The Dallas Police Department has partnered with First Baptist Dallas to provide the church with uniformed officers, possibly from the Dallas Police Honor Guard, for an event called “Freedom Sunday.” The church service is scheduled to take place on June 24 and will feature religious worship and controversial pastor Robert Jeffress claiming that “America is a Christian Nation.” Billboards advertising the event and Jeffress’ divisive message sparked backlash from Dallas Mayor Mike Rawlings and others earlier this week and were eventually taken down.
Abhorrent messages aside, the Dallas Police Department’s apparent endorsement of the Freedom Sunday gala poses constitutional concerns. The Establishment Clause of the First Amendment prohibits the government from endorsing a religious event.
“As the Supreme Court has put it, the Establishment Clause ‘mandates government neutrality between religion and religion, and between religion and nonreligion,’” writes FFRF Associate Counsel Sam Grover to Dallas Police Lt. Matt Williamson. “By providing uniformed officers to participate in this event, the department creates the appearance that it endorses the event and its exclusively religious, exclusively Christian message.”
Citizens interact with and rely on law enforcement officers during some of the most urgent and vulnerable times of their lives, FFRF stresses. Minority religious and nonreligious citizens should not be made to feel excluded, like outsiders in their own community, because the city police department they support with their taxes oversteps its power by endorsing, and participating in, a Christian worship service. While individual officers are certainly free to participate in any event they wish in their personal capacities, the department may not endorse a religious event by approving the direct participation of uniformed officers.
By perpetuating the myth that American is a “Christian nation,” Freedom Sunday is explicitly designed to exclude the 24 percent of Americans who are nonreligious and, more broadly, the 30 percent of Americans who are non-Christian. Such an event is not worthy of the Dallas Police Department’s seal of approval.
That’s why FFRF is asking that the department drop its support for this divisive, evangelistic vision for America and decline to participate in the Freedom Sunday worship service.
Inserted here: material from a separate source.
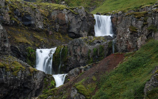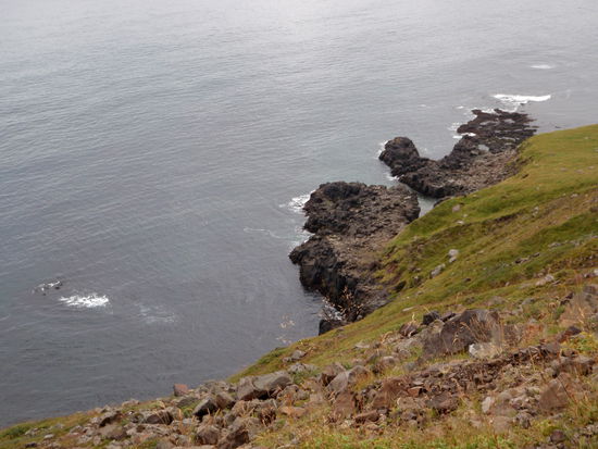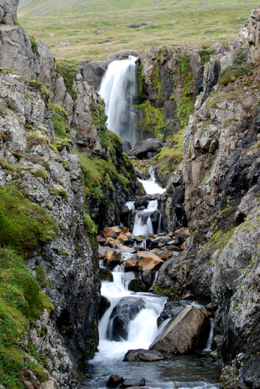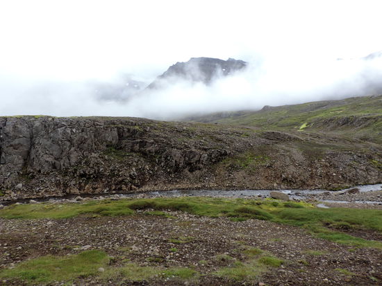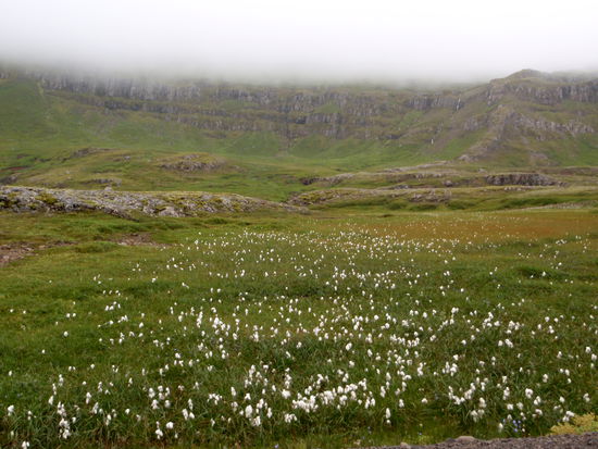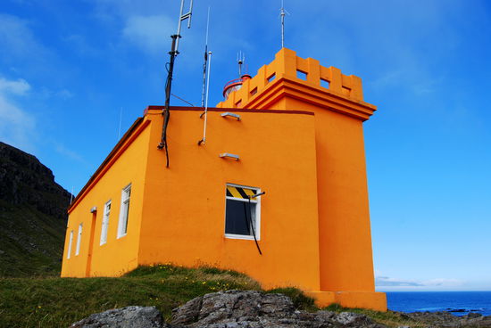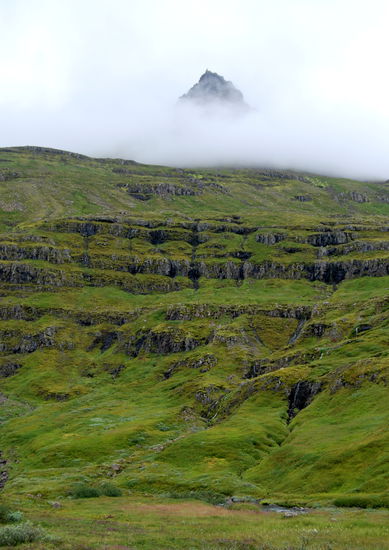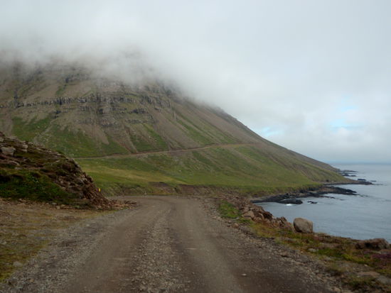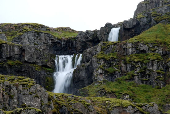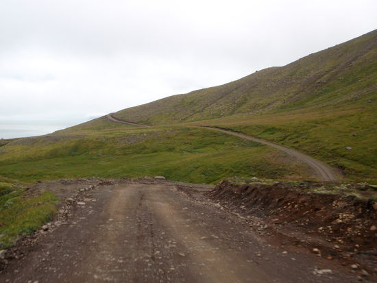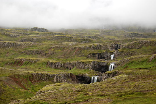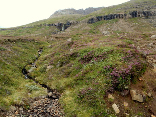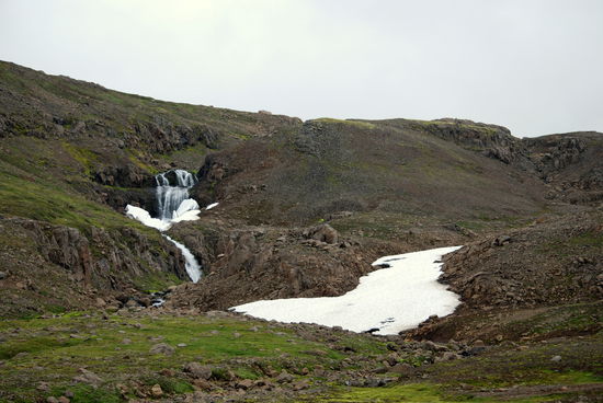 Am letzten Tag, nach 5 Wochen auf Ísland, machte wir noch einen Ausflug zum Leuchtturm „Dalatangi” an der Einfahrt zum Seyðisfjörður. Man sieht ihn als ersten Gruß von Ísland bei der Ankunft und als letzten bei der Ausfahrt. Er ist nur vom südlichen Nachbarfjord Mjóifjörður über eine Schotterpiste erreichbar. Auf einer Informationstafel hatten wir gesehen, daß es auf dem Weg einen schönen Wasserfall geben sollte. So fuhren wir von Egilstaðir ein Stück zurück auf der 92 und bogen dann auf die 953 ab. Langsam stieg die Schotterpiste in einem hübschen Tal an. Rechts und links sahen wir schon einige Wasserfällen. Welches war nur der beschriebene? Am höchsten Punkt lagen unter tiefhängenden Wolken einige kleine Seen. Dann ging es in steilen Serpentinen bergab zum Fjord mit herrlichen Ausblicken. Nun sahen wir auch unseren Wasserfall, der in Kaskaden vom Berg stürzte. Weiter ging die Fahrt am Fjord entlang durch eine kleine Ortschaft. Danach stieg der Weg an und führte am Meer entlang, teilweise recht hoch, bis wir den leuchtend orangen Leuchtturm erreichten. Daneben stand noch der winzig kleine alte. Wir strolchten ein Weilchen dort herum und machten uns dann bald auf den Rückweg.

And in order to gain a better understanding of the nature of the Dallas Police Department’s involvement with the Freedom Sunday events, past and present, FFRF is seeking records that clarify the arrangement.
“The police department of one of our major cities should not intimately intertwine itself with such an overtly sectarian religious bash,” says FFRF Co-President Annie Laurie Gaylor. “Law enforcement has a duty to equally serve and represent all citizens.”
The Freedom From Religion Foundation is a national nonprofit organization with more than 33,000 members across the country, including over 1,300 members in Texas. Its purposes are to protect the constitutional principle of separation between religion and government and church and to educate the public on matters relating to nontheism.